What follows is a last act of failed communication: a heavily injured Barbara ordered her old teacher Damian, who has evidently already helped her out of a painful situation in former times, having paid largely for his act in the hospital where he had been exploited, to liberate her from her blackmailer, this father and literature teacher, whom she is designing as the direct cause of her wounds. The order is followed and the man shouted, before Damian could have understood, what is the fault, and what is not in this story. Other victims follow in the process of escalating violence, in tragic consequences even the young magical girl herself, who has dressed up with her beautiful costume and baton, to thank her father.

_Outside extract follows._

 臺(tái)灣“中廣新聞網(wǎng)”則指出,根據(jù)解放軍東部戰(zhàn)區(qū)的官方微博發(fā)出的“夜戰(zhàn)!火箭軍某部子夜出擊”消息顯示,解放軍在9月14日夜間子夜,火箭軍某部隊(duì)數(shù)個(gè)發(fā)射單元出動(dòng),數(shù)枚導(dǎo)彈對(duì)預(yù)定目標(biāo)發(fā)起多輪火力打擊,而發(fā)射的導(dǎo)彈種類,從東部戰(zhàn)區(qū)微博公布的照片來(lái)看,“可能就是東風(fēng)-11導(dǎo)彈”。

In this hermetic circulation of failed communications Vermut separates from time to time the isolated scenes with inter-titles, like “world”, “demon” and “flesh”, which open up to large association potentialities, but does not indicate clear suggestions or interpretations. All characters are victims of their non-communicated realities, but Barbara is the ambivalent key point of the destruction. She jokes with her shocked friends about throwing their baby out of the window; she had already pressed her face in a splitting mirror in an autodestruct manner, and does not hesitate in creating a new murderer and his victim, who is at least not responsible for her self-destroying way for receiving the money. Barbara is a femme fatale against her own will, abandoned and disoriented by her own husband. In this Vermut cosmos we should be prepared for an upcoming series of pain and enigmatic characters.